GIVEN DATA:
================
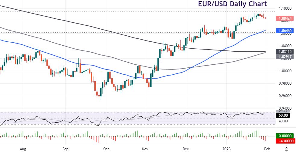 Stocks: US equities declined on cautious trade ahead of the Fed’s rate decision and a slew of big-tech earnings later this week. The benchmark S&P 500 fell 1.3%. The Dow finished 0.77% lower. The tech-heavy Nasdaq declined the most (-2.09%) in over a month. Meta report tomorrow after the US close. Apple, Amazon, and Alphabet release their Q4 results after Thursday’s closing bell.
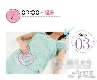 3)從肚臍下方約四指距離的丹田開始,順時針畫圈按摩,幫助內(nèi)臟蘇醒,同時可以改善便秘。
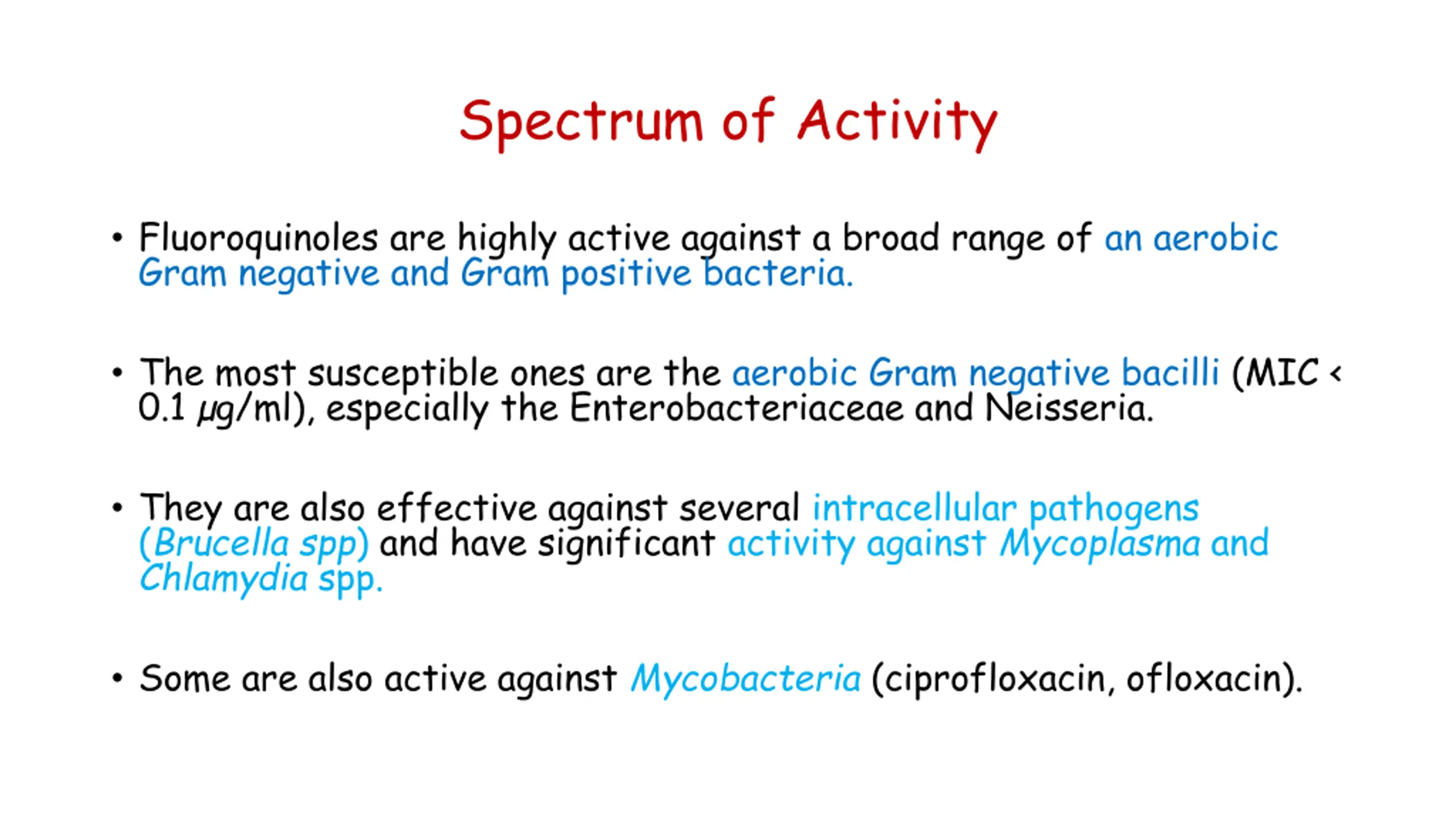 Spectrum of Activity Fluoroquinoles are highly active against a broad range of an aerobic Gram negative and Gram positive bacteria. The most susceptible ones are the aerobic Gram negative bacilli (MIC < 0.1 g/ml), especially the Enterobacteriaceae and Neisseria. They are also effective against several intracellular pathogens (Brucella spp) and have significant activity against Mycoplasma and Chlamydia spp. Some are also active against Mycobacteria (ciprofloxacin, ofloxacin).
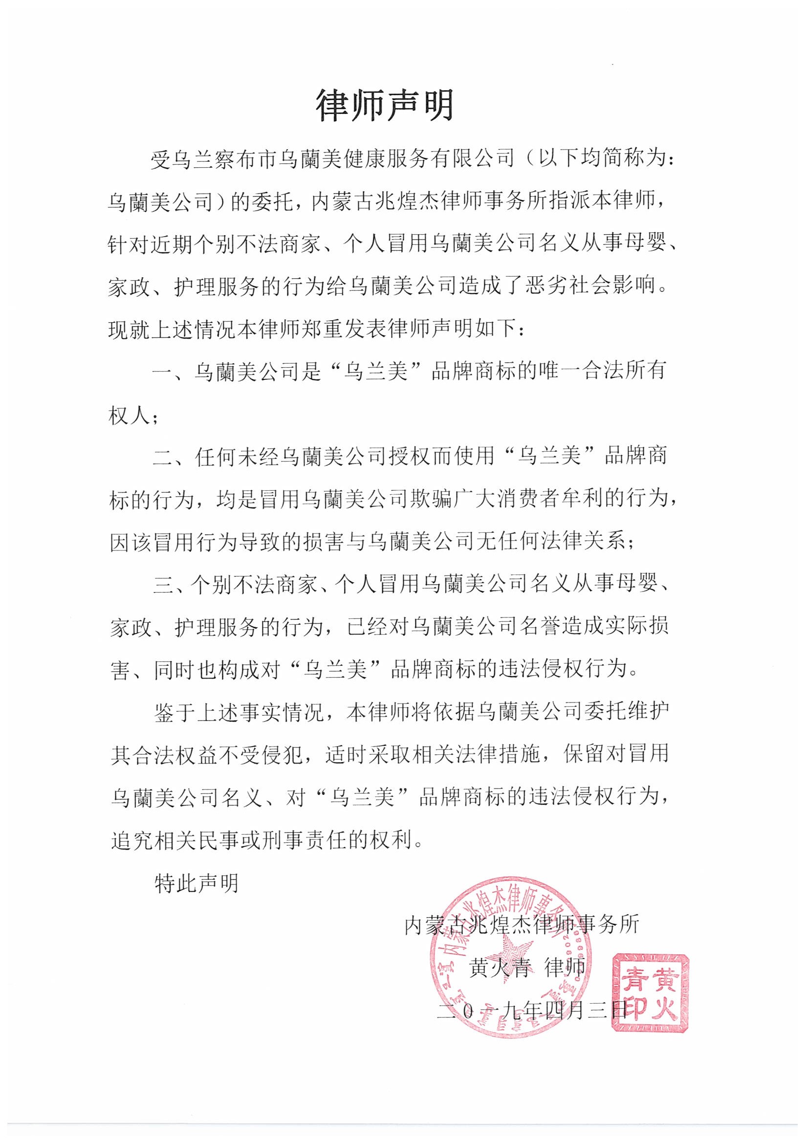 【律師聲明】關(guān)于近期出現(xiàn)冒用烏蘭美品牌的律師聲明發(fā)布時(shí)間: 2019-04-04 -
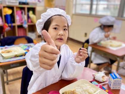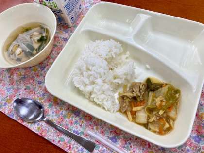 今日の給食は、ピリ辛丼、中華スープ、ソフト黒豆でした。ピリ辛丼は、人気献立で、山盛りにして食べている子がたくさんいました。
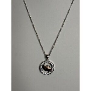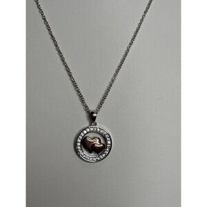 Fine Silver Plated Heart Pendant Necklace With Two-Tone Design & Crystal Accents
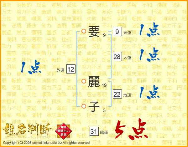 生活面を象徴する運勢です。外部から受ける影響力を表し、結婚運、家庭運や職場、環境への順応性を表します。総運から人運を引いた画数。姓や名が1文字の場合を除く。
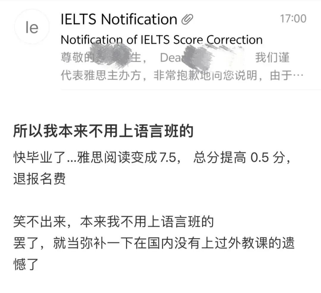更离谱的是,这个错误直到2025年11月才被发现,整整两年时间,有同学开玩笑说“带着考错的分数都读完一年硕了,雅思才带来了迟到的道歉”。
================
EXERCISE OBJECTIVE: Repeat word for word, and nothing more, the lines between the line containing "3)從肚臍下方約四指距離的丹" and the last line of the records above, inclusive, without pictures.

REPLY:
 3)從肚臍下方約四指距離的丹田開始,順時針畫圈按摩,幫助內(nèi)臟蘇醒,同時可以改善便秘。
 Spectrum of Activity Fluoroquinoles are highly active against a broad range of an aerobic Gram negative and Gram positive bacteria. The most susceptible ones are the aerobic Gram negative bacilli (MIC < 0.1 g/ml), especially the Enterobacteriaceae and Neisseria. They are also effective against several intracellular pathogens (Brucella spp) and have significant activity against Mycoplasma and Chlamydia spp. Some are also active against Mycobacteria (ciprofloxacin, ofloxacin).
 【律師聲明】關(guān)于近期出現(xiàn)冒用烏蘭美品牌的律師聲明發(fā)布時(shí)間: 2019-04-04 -
 今日の給食は、ピリ辛丼、中華スープ、ソフト黒豆でした。ピリ辛丼は、人気献立で、山盛りにして食べている子がたくさんいました。
 Fine Silver Plated Heart Pendant Necklace With Two-Tone Design & Crystal Accents
 生活面を象徴する運勢です。外部から受ける影響力を表し、結婚運、家庭運や職場、環境への順応性を表します。総運から人運を引いた画数。姓や名が1文字の場合を除く。
更离谱的是,这个错误直到2025年11月才被发现,整整两年时间,有同学开玩笑说“带着考错的分数都读完一年硕了,雅思才带来了迟到的道歉”。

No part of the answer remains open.